Cibula yeah I have 3 chargers, 7 tools (3 that are overpowering the batteries) and 6 batteries which all fail the same way. the only logical conclusion is that the system overall is flawed. And I agree they are nice tools...but if the batteries are to weak to handle the draw from the tools then the whole line is foobar.


----------



## cibula11 (Jan 6, 2007)

I guess it all comes down to how often you use them. If your an avid DIYer than they'll work just fine. If your a contractor I'd go for near top of the line.


----------



## duburban (Apr 10, 2008)

Craftsman tools just suck and thats all there is to it. Use them for ratchets and sh#t... Your pushing it with cordless sawing anyway. best i've used has been 14.4 nicad makita. plug in to cut... don't waste cordless money on the cheap ones guys!


----------



## Highlander (Mar 2, 2009)

I love my little cordless Ryobi circular saw. Only 5.5 inch blade, but will happily go through 2x stud. For making just a few cuts it makes things quick and easy. No extension cords, and it's lighter, and feels safer than a regular corded model.

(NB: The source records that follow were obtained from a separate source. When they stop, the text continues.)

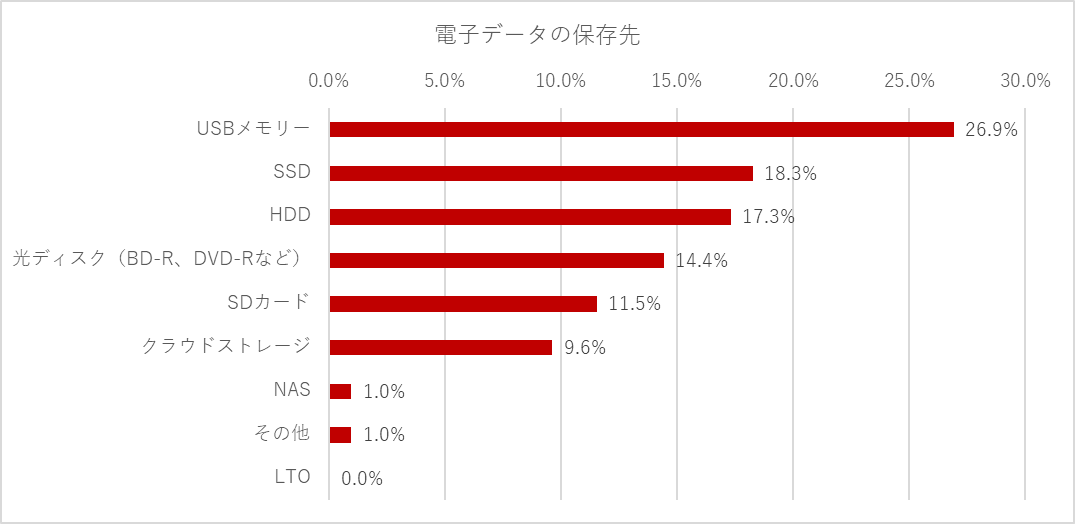 「USBメモリー」と回答した割合が26.9%と最も多く、次いで「SSD」18.3%、「HDD」17.3%となりました。
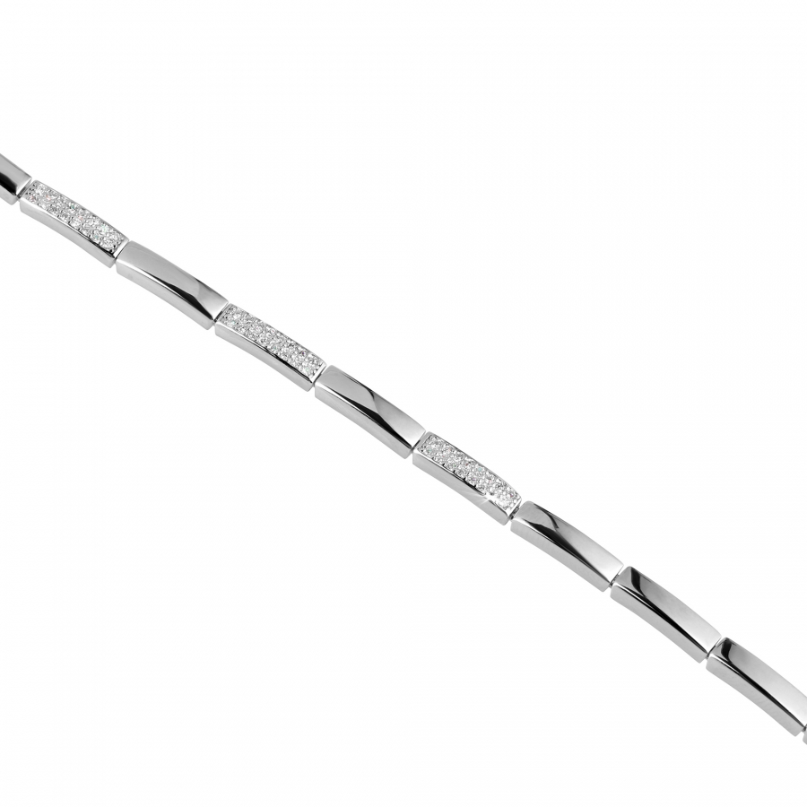 Každý obdĺžnik je starostlivo zasadený a prepojený tak, aby tvoril harmonický celok. Lesklé obdĺžniky priťahujú pozornosť svojou jednoduchosťou a čistotou línií, zatiaľ čo obdĺžniky osadené zirkónmi dodávajú náramku oslnivý ligot. Zirkóny sú starostlivo vybrúsené, zachytávajú svetlo a vytvárajú oslnivé odlesky, ktoré náramku pridávajú na luxuse.
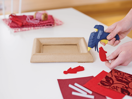 Petit pistolet à colle très fiable et polyvalent grâce à son cordon amovible.
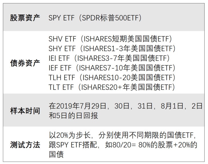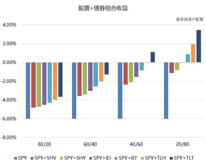 具体来讲,假如我们使用经典的60/40组合,即配置60%股票+40%国债ETF。以短期国债SHV作为国债的投资标的,该投资组合在暴跌期间的亏损能从6.02%减少到3.58%。而如果我们的债券部分投资的是更长期的IEF(7-10年美国国债ETF),甚至是TLT(20+年美国国债ETF),投资组合的亏损能减少到2.57%和1.28%。
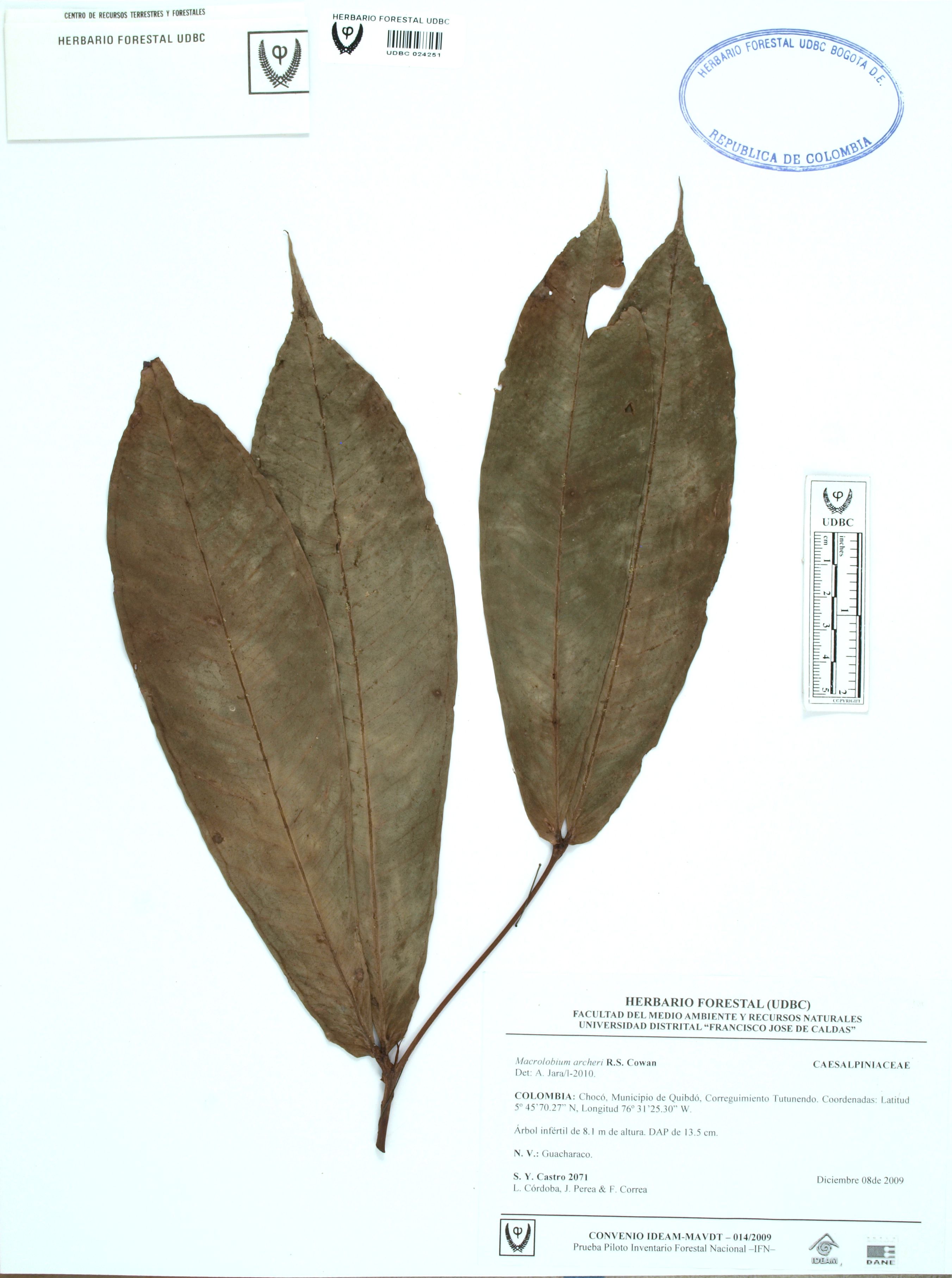 | dc.description | Fotografía del ejemplar Castro, S. 2071, determinado como Macrolobium archeri en el año 2010 | |

Some people might think of them as 'toys', but it gets the small jobs done with less effort. Used it yesterday to make a couple of cuts across a 2x4 and one lengthwise about 3 feet. I don't expect to get a lot out of the battery with the saw, and would pull out the corded tool if I had a lot of work to do.


----------



## cibula11 (Jan 6, 2007)

duburban said:


> Craftsman tools just suck and thats all there is to it. Use them for ratchets and sh#t... Your pushing it with cordless sawing anyway. best i've used has been 14.4 nicad makita. plug in to cut... don't waste cordless money on the cheap ones guys!


I've never had a problem and I own several craftsman tools. Like I said for a DIYer they'll be fine...


----------